- Information given:
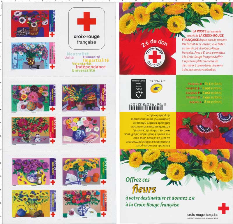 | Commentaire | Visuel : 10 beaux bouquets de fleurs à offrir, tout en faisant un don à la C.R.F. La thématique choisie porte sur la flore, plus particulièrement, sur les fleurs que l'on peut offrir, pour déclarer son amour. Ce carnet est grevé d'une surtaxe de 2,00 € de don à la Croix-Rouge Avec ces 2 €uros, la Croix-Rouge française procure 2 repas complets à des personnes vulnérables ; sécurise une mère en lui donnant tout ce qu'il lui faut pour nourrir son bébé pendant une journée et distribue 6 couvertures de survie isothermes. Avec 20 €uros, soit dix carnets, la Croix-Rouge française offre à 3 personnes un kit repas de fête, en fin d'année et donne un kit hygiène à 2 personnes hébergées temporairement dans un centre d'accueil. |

--

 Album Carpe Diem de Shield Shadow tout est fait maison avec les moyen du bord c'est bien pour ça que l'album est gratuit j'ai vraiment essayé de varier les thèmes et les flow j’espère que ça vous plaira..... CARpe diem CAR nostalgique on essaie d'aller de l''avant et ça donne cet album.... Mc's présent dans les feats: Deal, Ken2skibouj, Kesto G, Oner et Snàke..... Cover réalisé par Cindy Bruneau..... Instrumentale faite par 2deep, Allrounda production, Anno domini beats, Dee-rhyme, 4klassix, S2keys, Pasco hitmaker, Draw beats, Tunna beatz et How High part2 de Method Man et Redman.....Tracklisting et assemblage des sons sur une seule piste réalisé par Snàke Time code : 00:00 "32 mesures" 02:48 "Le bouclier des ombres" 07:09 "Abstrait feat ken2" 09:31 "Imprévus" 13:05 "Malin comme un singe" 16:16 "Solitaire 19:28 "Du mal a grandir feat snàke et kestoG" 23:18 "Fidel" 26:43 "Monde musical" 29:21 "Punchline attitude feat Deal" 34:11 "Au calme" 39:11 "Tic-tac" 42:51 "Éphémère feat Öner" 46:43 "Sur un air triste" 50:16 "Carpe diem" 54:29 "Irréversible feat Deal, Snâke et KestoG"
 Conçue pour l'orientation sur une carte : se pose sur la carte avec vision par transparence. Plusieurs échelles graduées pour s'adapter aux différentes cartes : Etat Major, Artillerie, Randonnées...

- Instructions to follow:
Only the lines above from the one with "Album Carpe Diem" up to and including the one with "Conçue pour l'orientation" should be repeated, exactly as written.

- Task solution:
 Album Carpe Diem de Shield Shadow tout est fait maison avec les moyen du bord c'est bien pour ça que l'album est gratuit j'ai vraiment essayé de varier les thèmes et les flow j’espère que ça vous plaira..... CARpe diem CAR nostalgique on essaie d'aller de l''avant et ça donne cet album.... Mc's présent dans les feats: Deal, Ken2skibouj, Kesto G, Oner et Snàke..... Cover réalisé par Cindy Bruneau..... Instrumentale faite par 2deep, Allrounda production, Anno domini beats, Dee-rhyme, 4klassix, S2keys, Pasco hitmaker, Draw beats, Tunna beatz et How High part2 de Method Man et Redman.....Tracklisting et assemblage des sons sur une seule piste réalisé par Snàke Time code : 00:00 "32 mesures" 02:48 "Le bouclier des ombres" 07:09 "Abstrait feat ken2" 09:31 "Imprévus" 13:05 "Malin comme un singe" 16:16 "Solitaire 19:28 "Du mal a grandir feat snàke et kestoG" 23:18 "Fidel" 26:43 "Monde musical" 29:21 "Punchline attitude feat Deal" 34:11 "Au calme" 39:11 "Tic-tac" 42:51 "Éphémère feat Öner" 46:43 "Sur un air triste" 50:16 "Carpe diem" 54:29 "Irréversible feat Deal, Snâke et KestoG"
 Conçue pour l'orientation sur une carte : se pose sur la carte avec vision par transparence. Plusieurs échelles graduées pour s'adapter aux différentes cartes : Etat Major, Artillerie, Randonnées...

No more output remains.